Just curious, but does anyone who pays attention to this space/technology know if eye tracking (with commodity-ish hardware) has gotten to the point of "replacing the mouse"?

E.g. at the OS level, the pointer basically follows your gaze.

Eyes don't point a things we look at as accurate as a mouse does (they only aim within the fovea, about 1 degree angular, corresponding to about 1cm on the screen) and eye trackers are often far worse.

This summer I built a system that uses slight head movements for refinement, allowing hands free mousing as fast as a trackpad. However, eye trackers good enough for the system to be pleasant cost $10000+. I have ideas that would allow it to work with a $100 eye tracker, but even then it has the downside that the computer vision for your mouse will peg one core.

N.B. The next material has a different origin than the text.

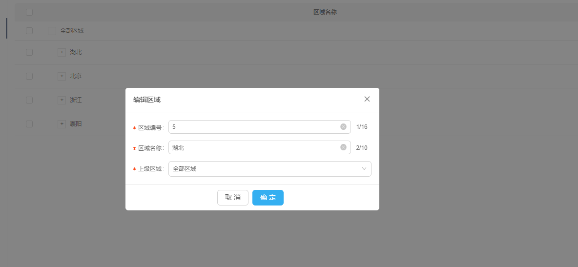 ——编辑区域时上级区域不能选择当前编辑的区域及其下级区域,不能选择停用状态的区域
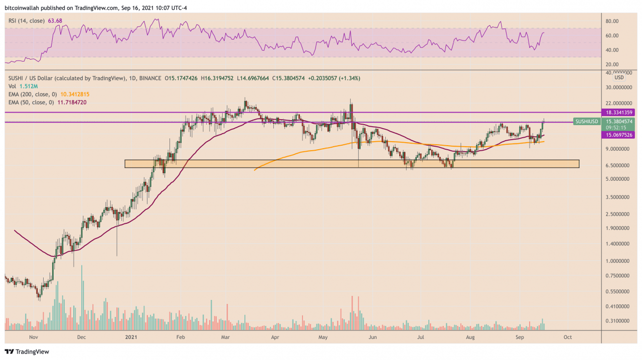SushiSwap (SUSHI) 价格在去中心化交易所 (DEX) 代币又上涨一天后于 9 月 16 日攀升。

As someone who hates mice and hopes one day to have this sort of tech, I'm trying to understand what you mean by "Eyes don't point at things we look at as accurate as a mouse does" - how is it that I can choose to "look at" an individual pixel on my screen, or an individual serif on a letter, and then choose another one far less than 1cm away, and my eye focus shifts to it? That shift is not detectable by a camera?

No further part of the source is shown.